■ **WORK REQUIRED**: Every line below from the one with "বগুড়ার সারিয়াকান্দি উপজেলার" through the one with "Mourning doves are" is to be repeated exactly, with no picture among them.

■ **DATA PROVIDED**:
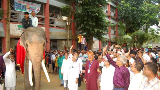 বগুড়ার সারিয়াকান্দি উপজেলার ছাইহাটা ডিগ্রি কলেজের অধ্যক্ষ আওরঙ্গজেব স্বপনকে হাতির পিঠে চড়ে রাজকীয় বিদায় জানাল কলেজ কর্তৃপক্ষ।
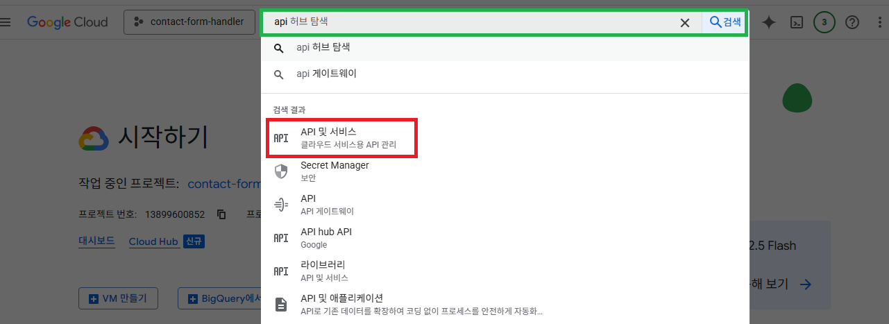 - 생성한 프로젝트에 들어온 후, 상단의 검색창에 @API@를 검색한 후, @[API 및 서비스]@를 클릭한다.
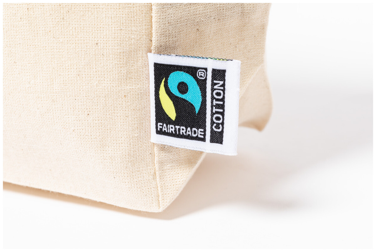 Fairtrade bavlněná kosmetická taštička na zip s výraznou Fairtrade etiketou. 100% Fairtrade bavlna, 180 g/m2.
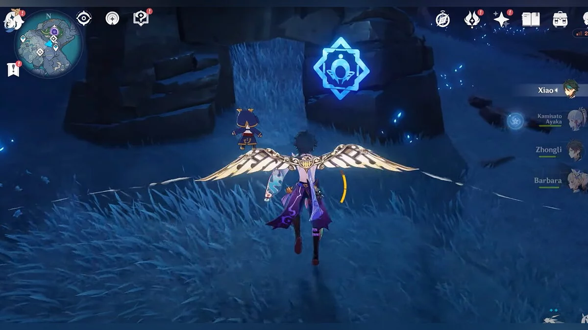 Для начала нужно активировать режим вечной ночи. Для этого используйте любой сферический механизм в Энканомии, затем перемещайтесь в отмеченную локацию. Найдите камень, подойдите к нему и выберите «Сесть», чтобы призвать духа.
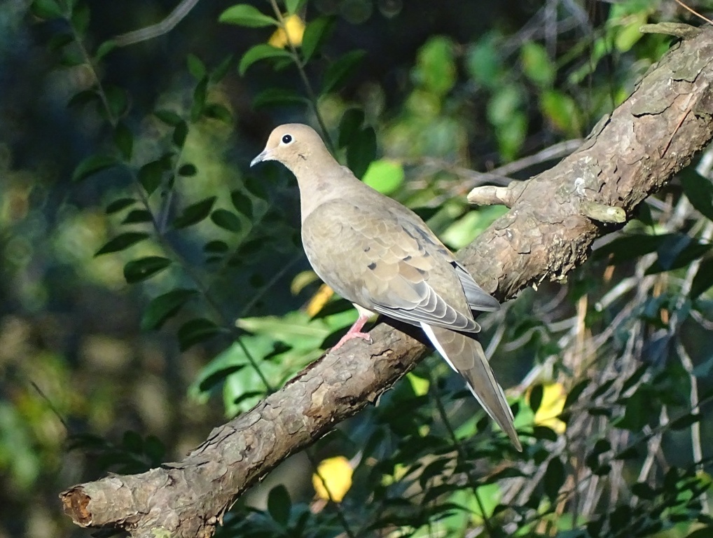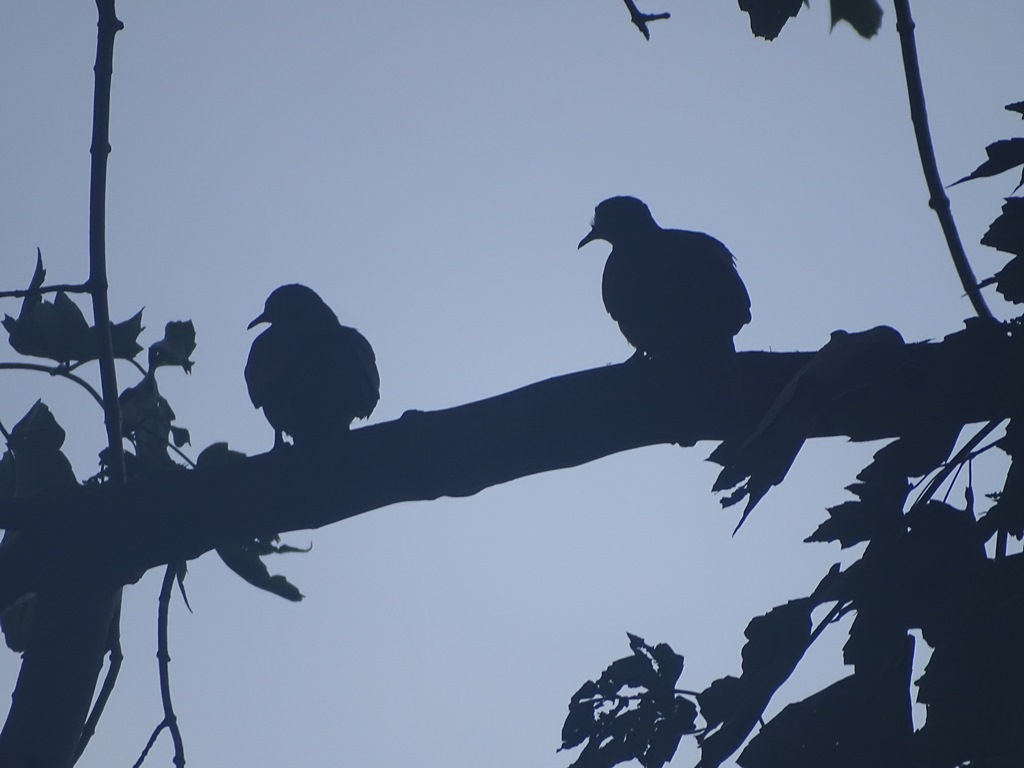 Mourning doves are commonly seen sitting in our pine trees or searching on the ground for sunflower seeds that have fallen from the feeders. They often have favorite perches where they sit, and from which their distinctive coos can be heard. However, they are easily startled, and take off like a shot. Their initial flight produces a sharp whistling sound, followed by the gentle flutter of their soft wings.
==
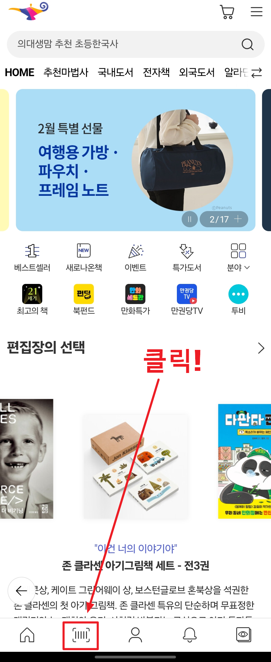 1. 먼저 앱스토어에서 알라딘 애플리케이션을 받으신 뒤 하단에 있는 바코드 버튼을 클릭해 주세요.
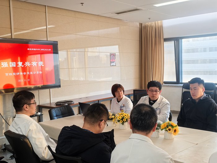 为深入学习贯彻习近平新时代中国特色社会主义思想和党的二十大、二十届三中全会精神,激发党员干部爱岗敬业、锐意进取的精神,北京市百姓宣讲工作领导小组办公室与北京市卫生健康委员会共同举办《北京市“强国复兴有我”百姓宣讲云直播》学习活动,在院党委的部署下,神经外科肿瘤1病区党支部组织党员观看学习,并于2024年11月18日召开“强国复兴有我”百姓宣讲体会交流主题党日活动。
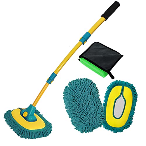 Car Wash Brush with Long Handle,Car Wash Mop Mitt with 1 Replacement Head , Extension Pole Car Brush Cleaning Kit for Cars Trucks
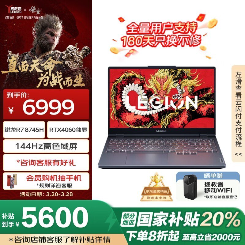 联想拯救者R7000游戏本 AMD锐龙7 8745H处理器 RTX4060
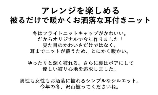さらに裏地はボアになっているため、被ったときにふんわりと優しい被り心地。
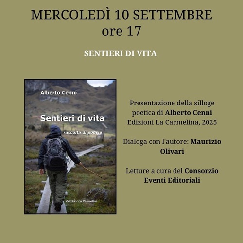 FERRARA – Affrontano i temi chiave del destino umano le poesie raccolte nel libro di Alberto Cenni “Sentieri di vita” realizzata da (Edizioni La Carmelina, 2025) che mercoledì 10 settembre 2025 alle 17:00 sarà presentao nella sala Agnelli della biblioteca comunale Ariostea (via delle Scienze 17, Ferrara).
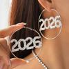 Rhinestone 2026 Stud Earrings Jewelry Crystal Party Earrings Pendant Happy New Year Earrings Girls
--
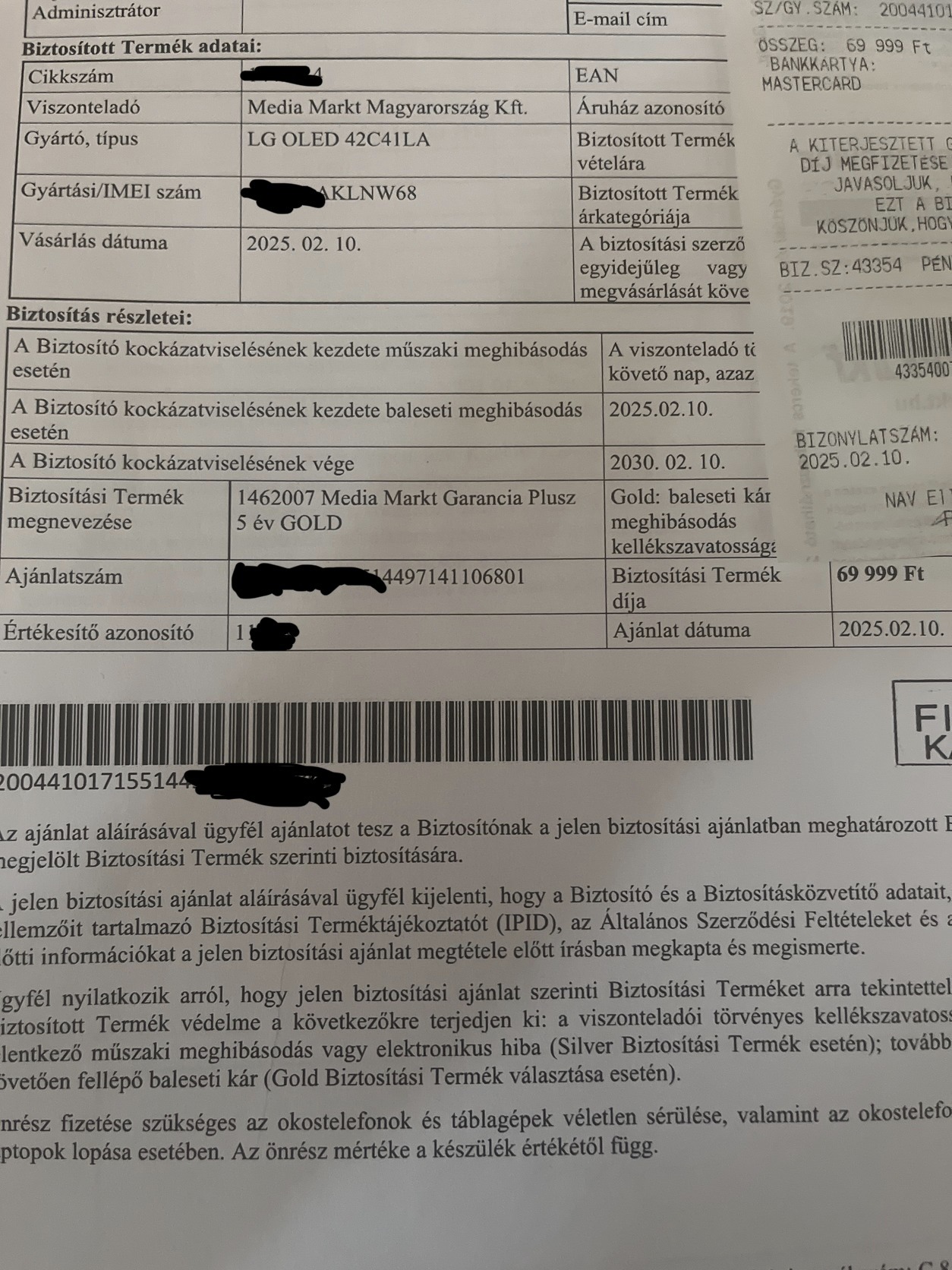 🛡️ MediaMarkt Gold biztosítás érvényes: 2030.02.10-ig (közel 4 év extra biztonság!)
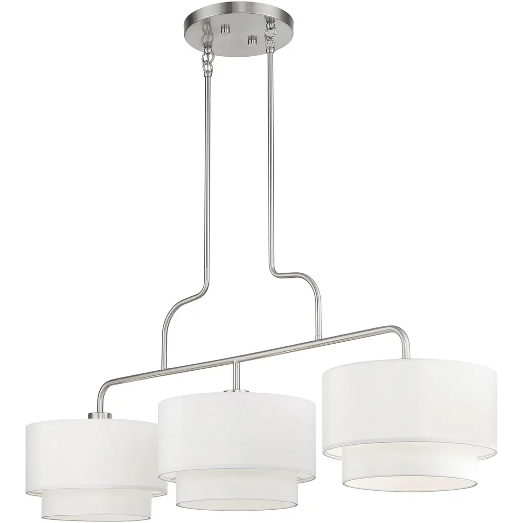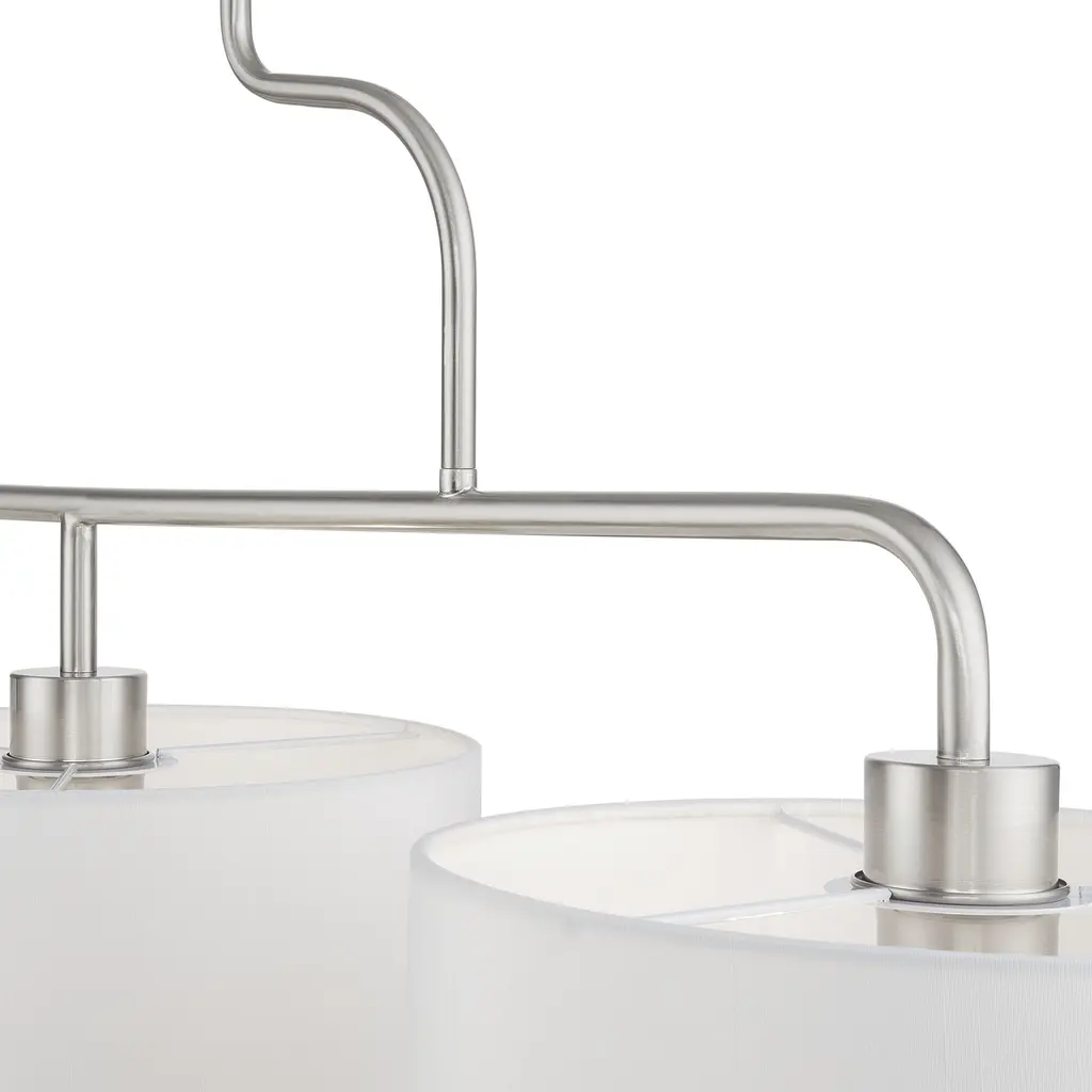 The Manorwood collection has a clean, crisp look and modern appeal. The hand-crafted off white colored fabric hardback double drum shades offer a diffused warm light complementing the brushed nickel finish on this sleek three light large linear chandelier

■ **SOLUTION**:
 বগুড়ার সারিয়াকান্দি উপজেলার ছাইহাটা ডিগ্রি কলেজের অধ্যক্ষ আওরঙ্গজেব স্বপনকে হাতির পিঠে চড়ে রাজকীয় বিদায় জানাল কলেজ কর্তৃপক্ষ।
 - 생성한 프로젝트에 들어온 후, 상단의 검색창에 @API@를 검색한 후, @[API 및 서비스]@를 클릭한다.
 Fairtrade bavlněná kosmetická taštička na zip s výraznou Fairtrade etiketou. 100% Fairtrade bavlna, 180 g/m2.
 Для начала нужно активировать режим вечной ночи. Для этого используйте любой сферический механизм в Энканомии, затем перемещайтесь в отмеченную локацию. Найдите камень, подойдите к нему и выберите «Сесть», чтобы призвать духа.
 Mourning doves are commonly seen sitting in our pine trees or searching on the ground for sunflower seeds that have fallen from the feeders. They often have favorite perches where they sit, and from which their distinctive coos can be heard. However, they are easily startled, and take off like a shot. Their initial flight produces a sharp whistling sound, followed by the gentle flutter of their soft wings.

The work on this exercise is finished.